*** Exercise material Section Begins ***
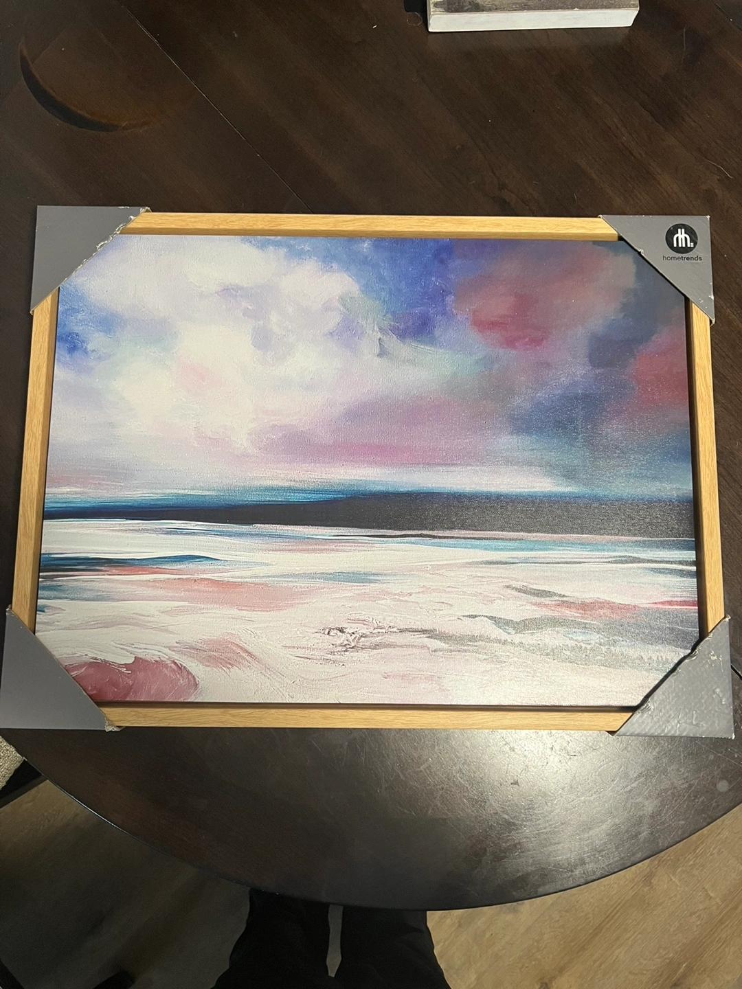 99Selling a hometrends framed wall art piece. It measures 24 inches wide, 1.5 inches deep, and 18 inches high (60.9 cm x 3.8 cm x 45.7 cm). Great for adding a touch of colour to any room!
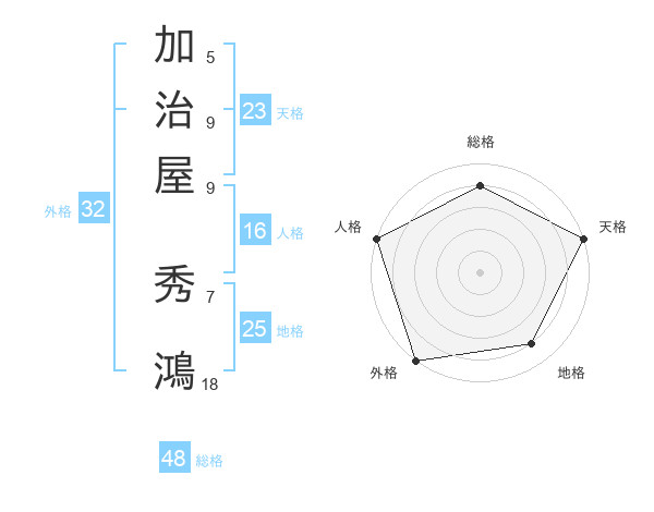 加治屋 秀鴻さんの天格は23画の5点!
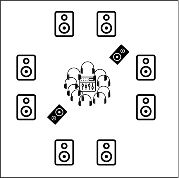 Regardless of the level of isolation, headphones deliver the singular experience of having sounds attached to one’s ears. When incorporated with movement, this brings the listener the possibility of trying out different head orientations, locations, and paths for exploring musical combinations between the headphones and the speakers. Moreover, this allows each listener to have a fully individual experience of the music, as no two people can occupy the same place at the same time. From a creative perspective, this invites the composer to be economical in the generation of material, as this material will be moulded by the audience in the space.
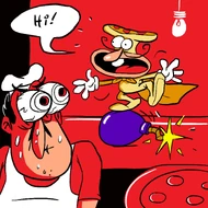 - Manipulación del Fuego: Permanece relativamente bien tras tener toda su boca quemada.[14] Resiste caer en una salsa hirviendo.[15]
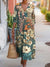 Women's Vintage Flower Art Print Pocket Cotton Dress
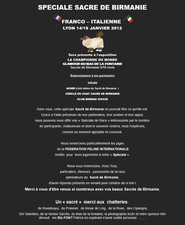 Merci à vous d’être venus si nombreux avec vos beaux Sacrés de Birmanie.
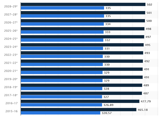 报告中还显示,根据 2014 年的预测数据,在未来的十年间,也就是到 2024年,每年都会有超过 100 万个新硕士学位,但是根据上述的增长幅度,可能到 2029 年美国的硕士学位每年都不会超过 84 万个。
*** Exercise material Section Ends ***
- About this task:
Exactly the lines from the start of the entries above through the line with "加治屋 秀鴻さんの天格は23画の5点!" should be reproduced, and nothing else; drop the pictures.

- Task answer:
 99Selling a hometrends framed wall art piece. It measures 24 inches wide, 1.5 inches deep, and 18 inches high (60.9 cm x 3.8 cm x 45.7 cm). Great for adding a touch of colour to any room!
 加治屋 秀鴻さんの天格は23画の5点!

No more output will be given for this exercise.